Having a huge player standing under the basket swatting basketballs like King Kong swatting at airplanes used to be an effective defense. Big athletic players that could shoot outside 10 feet showed up. We learned forts in fixed locations didn't stop an invading army. Armies went around fixed fortifications. Lurch standing under the basket can be neutralized with a long and quicker player.
On offense, if they can't turn and face the basket, they will throw up an awkward off-balanced shot. Scouting will reveal their tendencies and when and where to bring pressure.
In youth basketball, there was a kid bigger and taller than everyone else. He was tearing everyone up as a one man team. I taught my forward on the side he favored to wait for them to pass the ball inside and slide over to double team him to prevent him from turning to the left. A guard covered the forward left open. The kids loved having a secret play and bought into it completely.
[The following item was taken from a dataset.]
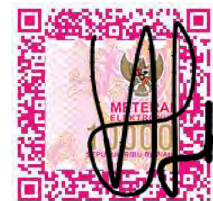
( Niken Dwi Astuti)

The coach countered by making the entry pass from the baseline where the help was coming from. I put my most athletic kid on the big guy and taught him how to front the post player. After several steals, they stopped going inside. It doesn't apply to college basketball, but the
point is coaching staffs with hours of film can take away what a team wants to do and create an advantage for your team.
purdue loves the giant players. They just recruited a 7'-3" kid. I'll take a 6'-11" kid that can run the floor and can handle the ball.